Os alunos de Matemática e Física do ensino secundário vão participar em 2015, pela primeira vez, no estudo internacional «TIMSS Advanced», focado nos conhecimentos em «áreas tomadas como prioritárias na política educativa», informou o Ministério da Educação.

O «TIMSS Advanced», que numa tradução livre do inglês pretende ser um estudo representativo das tendências internacionais do estudo de Matemática e Ciências, será aplicado pela IEA (sigla inglesa para Associação Internacional de Avaliação do Sucesso Escolar), concebido por entidades com as quais a IEA tem protocolos estabelecidos, e os alunos podem ser avaliados no ano terminal do ensino secundário ou no ano inicial da formação superior.

De acordo com as informações prestadas pelo Ministério da Educação e Ciência (MEC), a participação no estudo será voluntária e a avaliação vai ter por base uma amostra, composta por um conjunto de alunos representativos do universo estudantil em causa no sistema educativo a nível nacional, a frequentar as disciplinas de Física e Química e Matemática no ensino secundário.

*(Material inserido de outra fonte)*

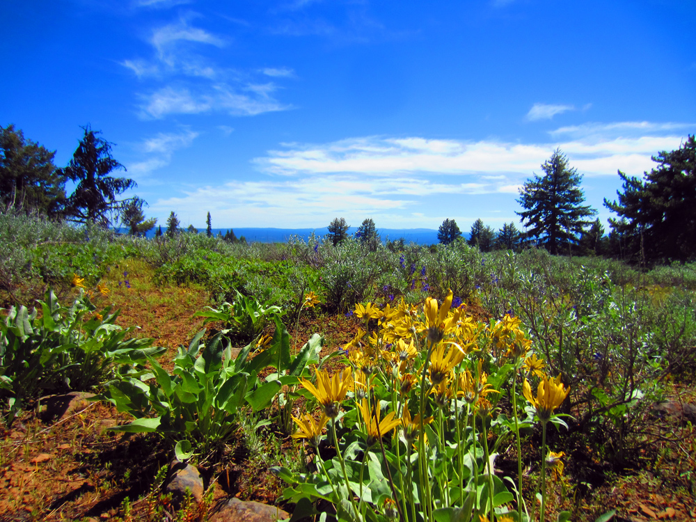 Spring wildflowers trickle like snowmelt from Lookout Mountain. Blooms will slowly flood sagebrush meadows in lupine, paintbrush, penstemon, and scarlet gilia throughout the summer. Here, elk shelter within shady fir and pine forests. Pileated woodpeckers drum on life-giving dead trees. Colossal ponderosas grace the lower ridges. Juniper and mountain mahogany sculpt rocky outcrops. Songbirds bustle among leaves of aspen and alder by streams. Hawks, eagles, and ravens draft the shoulder of an open summit.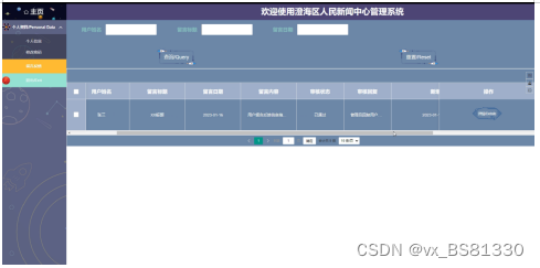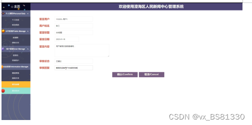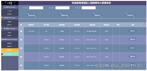 留言反馈管理,管理员在此页面可以查看留言用户,姓名,标题,日期,留言内容信息,并可根据需要进行审核回复,查询,重置,删除,新增等操作,如图5-9,5-10所示。

O «TIMSS Advanced», que se dirige a alunos do secundário que se preparam para seguir estudos superiores nas áreas da ciência, tecnologia, engenharia ou matemática, pretende dar a conhecer a proporção de alunos a estudar Matemática e Física e Química em relação ao total dos estudantes do secundário, assim como o desempenho destes alunos tendo em conta padrões internacionais escalonados entre avançado, elevado e intermédio.

«A avaliação abrange os conteúdos específicos da Matemática e da Física e os processos mentais utilizados pelos alunos para resolverem os problemas propostos na prova», especificou o MEC.

O MEC acrescentou ainda que «tal como nas restantes provas TIMSS, a avaliação é acompanhada por questionários que coligem informação sobre um conjunto de fatores de contexto que permitem relacionar o desempenho com as circunstâncias da aprendizagem da Matemática e da Física no ensino secundário».

O Ministério tutelado por Nuno Crato considera esta prova «um instrumento fundamental para o desenvolvimento de políticas que suportem ou consolidem a preparação das próximas gerações de cientistas e engenheiros» e facilitar futuras «intervenções de regulação» nas disciplinas em causa.

«A participação de Portugal em estudos de avaliação internacional do desempenho dos alunos é de grande interesse para o sistema educativo, especialmente quando aqueles geram dados contextualizados face à quantidade e à qualidade dos recursos mobilizados, as características socioeconómicas e culturais das famílias e ao interesse dos alunos pelas áreas avaliadas», sublinhou o Ministério, que considera que a avaliação de acordo com padrões internacionais vai facilitar comparações entre os resultados nacionais e estrangeiros.

Os resultados do «TIMSS Advanced» devem ser conhecidos em 2016.

Apesar de ser a primeira vez que Portugal participa nas provas «TIMSS» ao nível do ensino secundário, já tinha, em 1995 e 2011 integrado este estudo internacional, mas ao nível do 4.º ano de escolaridade.

Também em 2011, os alunos a concluir o 1.º ciclo do ensino básico participaram no estudo PIRLS, sigla inglesa para um programa de avaliação de leitura e literacia entre os mais novos.

Ao nível de estudos internacionais, Portugal participa ainda regularmente, e desde 2000, no estudo PISA, promovido pela OCDE (Organização para a Cooperação e Desenvolvimento Económico), escreve a Lusa.